A sigh is a kind of paralinguistic respiration in the form of a deep and especially audible, single exhalation of air out of the mouth or nose, that humans use to communicate emotion. It is a voiced pharyngeal fricative, sometimes associated with a guttural glottal breath exuded in a low tone. It often arises from a negative emotion, such as dismay, dissatisfaction, boredom, or futility. A sigh can also arise from positive emotions such as relief, particularly in response to some negative situation ending or being avoided. Like a gasp, a yawn, or a moan, a sigh is often an automatic and unintentional act.

Scientific studies show that babies sigh after 50 to 100 breaths. This serves to improve the mechanical properties of lung tissue, and it also helps babies to develop a regular breathing rhythm. Behaviors equivalent to sighing have also been observed in animals such as dogs, monkeys, and horses.

In text messages and internet chat rooms, or in comic books, a sigh is usually represented with the word itself, 'sigh', possibly within asterisks, *sigh*.
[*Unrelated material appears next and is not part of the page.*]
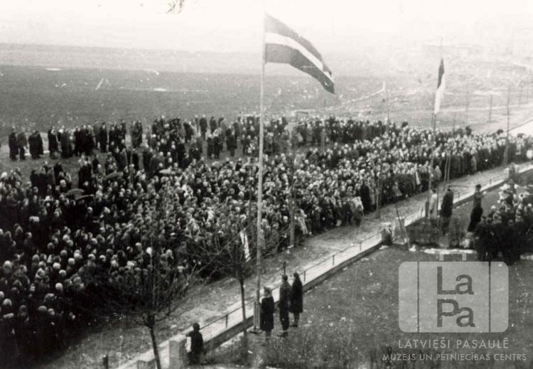 Latvieši pulcējas karoga pacelšanai Latvijas Valsts svētkos Hohfeldes nometnē Augsburgā (amerikāņu zonā). Priekšplānā pie karoga masta stāv Ausekļa ģimnāzijas skolēni. Masta galā plīvo Latvijas karogs. Sanākusi ir liela cilvēku grupa. Pie karoga stāv, no kreisās: Lidija Januma, Marģers Cubīns un Balva Inka.

Sighing is also a reflex, governed by a few neurons.

===Moans and groans===

Moans and groans are both extended sounds emanating from the throat, typically indicating pain, and occasionally displeasure. Moans and groans are also made while engaging in sexual activity. Moaning and groaning is additionally traditionally associated with ghosts, and their supposed experience of suffering in the afterlife.

===Throat clearing===

Throat clearing is a metamessaging nonverbal form of communication used in announcing one's presence upon entering the room or approaching a group. It is done by individuals who perceive themselves to be of higher rank than the group they are approaching and utilize the throat-clear as a form of communicating this perception to others. It can convey nonverbalized disapproval.

In chimpanzee social hierarchy, this utterance is a sign of rank, directed by alpha males and higher-ranking chimps to lower-ranking ones and signals a mild warning or a slight annoyance.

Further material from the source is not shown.